Creating a searchable index of the National Jukebox#
Extracting text from audio and indexing it with BigQuery DataFrames
Tim Swena (formerly, Swast)
swast@google.com
https://vis.social/@timswast on Mastodon
This notebook lives in
https://github.com/tswast/code-snippets
at https://github.com/tswast/code-snippets/blob/main/2025/national-jukebox/transcribe_songs.ipynb
To follow along, you’ll need a Google Cloud project
Go to https://cloud.google.com/free to start a free trial.

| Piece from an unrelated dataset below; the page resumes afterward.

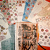 講師オリジナルの手彫りの木版約5000個強の中から自由に組み合わせを選び、創作更紗を楽しみます。生地は国内で特別発注した手織り独特の風合いのものを使用し、そこに草木染めを施しています。木版の線を生かしながら彩を差し、更紗の歴史を感じながら各自のペースで制作します。そして個性を引き出し、すばらしい作品を作り上げます。型染めは日本古来の染色技法で絵文様を描き彫り、染色を施します。

The National Jukebox is a project of the USA Library of Congress to provide access to thousands of acoustic sound recordings from the very earliest days of the commercial record industry.

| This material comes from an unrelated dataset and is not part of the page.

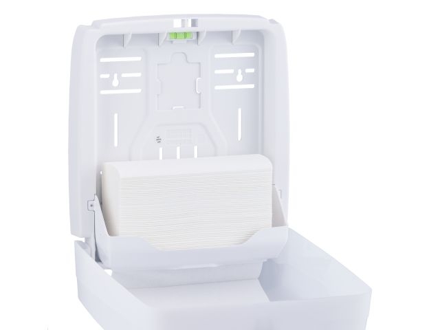Pojemnik na ręczniki składane HARMONY SLIM to praktyczne rozwiązanie, które ułatwia zarządzanie i dystrybucję ręczników papierowych składanych typu SLIM. Ten produkt jest idealny do miejsc o ograniczonej przestrzeni, oferując jednocześnie wygodne przechowywanie i wydawanie ręczników.

Learn more at https://www.loc.gov/collections/national-jukebox/about-this-collection/

To search the National Jukebox, we combine powerful features of BigQuery:
Integrations with multi-modal AI models to extract information from unstructured data, in this case audio files.
https://cloud.google.com/bigquery/docs/multimodal-data-dataframes-tutorial
Vector search to find similar text using embedding models.
https://cloud.google.com/bigquery/docs/vector-index-text-search-tutorial
BigQuery DataFrames to use Python instead of SQL.
https://cloud.google.com/bigquery/docs/bigquery-dataframes-introduction
Getting started with BigQuery DataFrames (bigframes)#
Install the bigframes package.
%pip install --upgrade bigframes google-cloud-automl google-cloud-translate google-ai-generativelanguage tensorflow
Important: restart the kernel by going to “Run -> Restart & clear cell outputs” before continuing.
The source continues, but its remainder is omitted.